Unfortunately for his dearest friend, it means that Travis needs to find someone to bother relentlessly.
"Wiiiiill"
"Willy"
"William"
"William Andrew Solace"
"I never told you my middle name you stalker."
"Irrelevant to this conversation. Mine's Jeffrey by the way."
"Liar."
"Fine, it's Gertrude."
"I wish that was true."
"Your grandmother is named Gertrude, I'm sure she would love to know that you find her name funny."
"Travis I need to answer me truthfully."
"Never darling."
"Have you ever stalked me ?"
"Of course."
"You're insane."
"Mmmh, how's Nico ?"
Travis cackles gleefully at the the gurgling noise Will made choking on his apple juice.
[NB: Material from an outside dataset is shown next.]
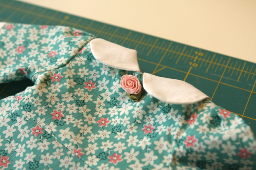 Next steps for me will be to add the belts… the one you see in the picture is just laid across but not sewn on. I also need to add embellishments. The devil is in the details, and I am headed to JoAnn’s today to look for tiny buttons or maybe a tiny buckle (in my dreams) to add to the dresses. I kind of liked the way the little pompoms looked on the collar, so I may try to tack that on after the fact.

"I'll do you one better, how's Katie ?"
"Irrelevant again. Don't think you can distract me."
"I'll be sure to tell her that next time I see her."
"Please don't, she's getting really better at creating her own freaky plants."
"I'd pay to see you get eaten by a carnivorous flower."
"You're way tastier than me, it'll go for you before me."
They banter for a while before Argos calmly ask them to shut up until they arrive.
That is until Will begins a conversation with him and Travis is left gaping at the ultimate betrayal he just witnessed.
He spends the rest of the trip pouting and mumbling about traitorous living lamp and the good old times where you could kill a giant and nobody batted an eye.
When Argos finally stops in front of Central Park, Travis practically flies out of the car, Will taking his sweet time just to annoy him he's sure.
After bidding many goodbyes, Argos finally leaves them, the Strawberry Delphi car disappearing in New York.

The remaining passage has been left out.